Growing up, I’ve always been responsible with money. At a very young age when “fairy tales” and “make believe” were the norm for 8 to 10-year olds, I would always be assigned to the roles associated with money (Monopoly money at the bank, etc.). These experiences in my early childhood molded my inclination towards finance subjects in high school such as accounting and economics. My educational track was always consistently filled with finance courses, so it was a natural decision to seek a career in finance.
What is the one myth or stereotype about the personal finance industry you’d like to debunk?
Not everyone is out to sell you products you do not need. A lot people do not trust their banker or financial advisor, because they are working on commission. There are fee only financial planners who are unbiased and charge you an “agreed upon” upfront fee at the beginning of the relationship, which can help eliminate that mistrust about being sold unwanted financial products.
What age do you think we should begin teaching our children about Financial literacy?
As soon as our children are able to ask for a dollar, they should be taught the value of earning that dollar. My parents always made me earn my allowance, and that has been something that has always stuck with me. In addition to earning my allowance, my parents also gave me options for how to spend my allowance: I could save for the things that I wanted, and they would match my purchase, I could help those in need by donating to our local church, or I could spend the money. They explained the value in each of those options, which remains with me to this day. As the saying goes, with great power (the earning power of money), comes great responsibility (how you spend that money will impact your financial situation).
How can millennials gain more confidence and knowledge in the arena of financial management?
There are many avenues to gain financial knowledge. You can start with financial planning podcasts and magazines. There are also introductory online courses that are available to enhance your basic financial knowledge. The internet is also a good place for useful information. However, try to use an accredited site such as www.letsmakeaplan.org, with content from Certified Financial Planners.
If there was one area of finance a millennial should look into for building wealth, what would it be?
From my experiences, debt (student loans and credit cards) is an area that most millennials are burdened with.

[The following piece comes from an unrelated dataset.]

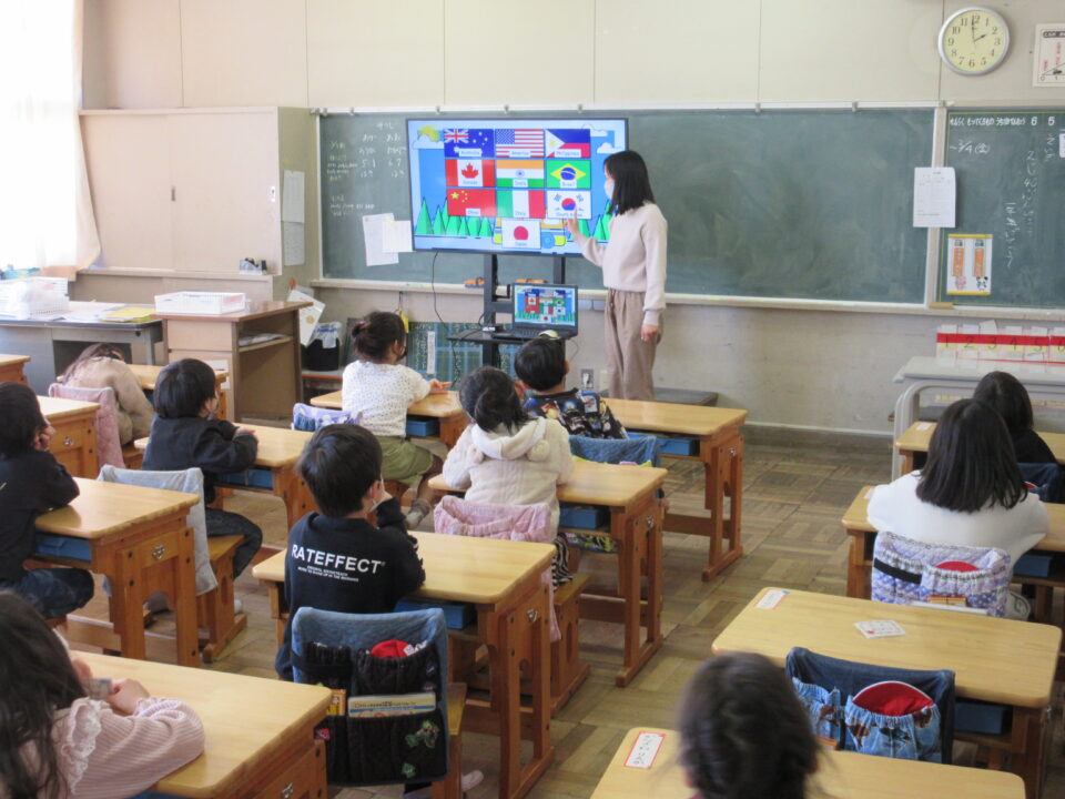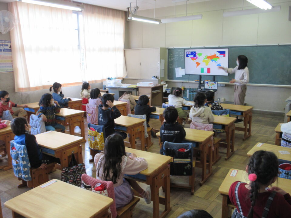 1年生はALTの先生との英会話を楽しみました。とても元気に頑張っています。

Even if you are building your assets with reasonable returns, most student loan interest rates can be as high as 10%, and credit card interest rates as high as 25%. Therefore, focus on reducing the amount of interest you pay to creditors, which is generally a drag on your overall net worth, and asset base.
How much avocado toast have you eaten?
I love avocado toast, so I’ve eaten lots – too many to count! However, my caveat is that I make my own! I’ve calculated the present value of purchasing avocado toast, and my compromise is to allocate the money I would’ve spent on avocado toast towards an investment account dedicated to future vacations.